Анька никогда еще не слышала его голоса по телефону; возможно, поэтому он показался не совсем таким, каким должен быть, каким-то неправильным, что ли. А уж имя Афродита — так это вообще ни к селу, ни к городу. Оно не очень-то подходило даже там, в Дельфах, а уж сейчас и вовсе…

— Да…

А вот это уже точно был ее голос, в этом можно было не сомневаться. Потому что вот же она, Анька, Анна Денисовна Соболева, стоит в прихожей своей чертовой квартиры у своего чертова телефона в своем чертовом переднике, держа на отлете руку с чертовой липкой шумовкой. И слово вроде как было тем же: «Да»… Ну, конечно, тем же: ведь именно его шептали тогда вот эти чертовы губы. И, тем не менее, слово прозвучало совершенно не так, неправильно. Неправильными были и слово, и голос, и она сама; неправильным было все на свете, включая и сам свет… — эх, выключить бы его прямо сейчас! Эй, господи-боже, поверни выключатель! Тошно…

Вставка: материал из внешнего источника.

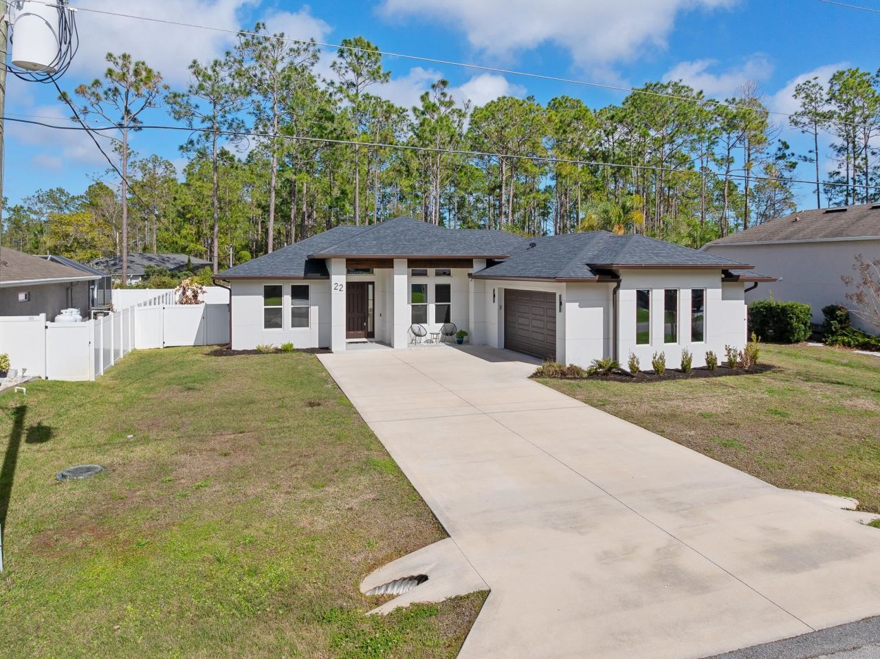 Welcome to this stunning, nearly new modern retreat that delivers the elevated Florida lifestyle youâ??ve been searching for. Built in 2021, this 3-bedroom, 2-bathroom concrete block home in Palm Coast combines sleek contemporary design with high-end finishes that feel truly custom. From the moment you step inside, soaring 12- and 11-foot ceilings, smooth walls, and 8-foot interior doors create an expansive, airy atmosphere anchored by luxury vinyl plank flooring throughout. The open-concept layout flows effortlessly from a dramatic electric fireplace focal wall to a chef-inspired kitchen featuring a center island, making it as perfect for high-end entertaining as it is for everyday relaxation. Step outside to your private oasis, where a sparkling pool and large screened lanai extend your living space year-round. Beyond the property line, you are perfectly positioned to enjoy the best of Palm Coast, including over 125 miles of nature trails, the Graham Swamp Conservation Area, and pristine Atlantic beaches just minutes away. With convenient access to Town Centerâ??s shopping and dining, top-rated Flagler County schools, and an easy commute via US-1 and I-95, this home is a premier investment in one of Floridaâ??s fastest-growing markets.

— Я не вовремя? — спросил он.

— Да… нет! Нет.

«Нет» — вот оно. Наконец-то оно нашлось, правильное слово.

— Я приеду?

— Нет! Да! Нет…

— Я приеду! — прокричал Ким и повесил трубку.

Она вернулась в кухню, оцарапавшись по дороге об удивленный Славин взгляд. Но разве в этом дело — в Славе и в его взглядах? Плевать ей было и на взгляд и на Славу! Разве в этом дело? Разве в этом…

— Капает… — сказал муж, глядя ей в спину.

Ну да, вот уж с этим не поспоришь. Капала на пол розовая пенка вишневого варенья, капал за окном холодный сентябрьский дождь, капали в миску прозрачные соленые капли из ее собственных глаз.

— Сейчас подберу.

Ким примчался-таки в Ленинград к концу недели. Встретились у гостиницы. Поднялись в номер, разделись, легли и сделали это. Не так, не то, неправильно. Когда она одевалась, он сказал, глядя в окно:

— Все будет хорошо, я тебе обещаю…

Она подумала, как ответить, и решила не притворяться, поскольку дела это все равно не меняло. В конце концов, если кто-то должен произнести это вслух, то пусть лучше она.

— Нет, Ким, не будет. Было и прошло.

Что-то похожее на Дельфы промелькнуло только в прощальном поцелуе, да и то лишь потому, что был он прощальным. Анька спустилась по лестнице, миновала двусмысленную ухмылку хамоватого гостиничного швейцара и вышла под дождь. На этот раз капал только он, родной ленинградский дождик, мелкий, чумазый, надоедливый. Только дождик, и никакого тебе варенья, и никаких тебе слез. Потому что выбор остался за нею — пусть тяжелый, пусть болезненный, но выбор, ее выбор. А выбор — это свобода. А свобода — это восторг.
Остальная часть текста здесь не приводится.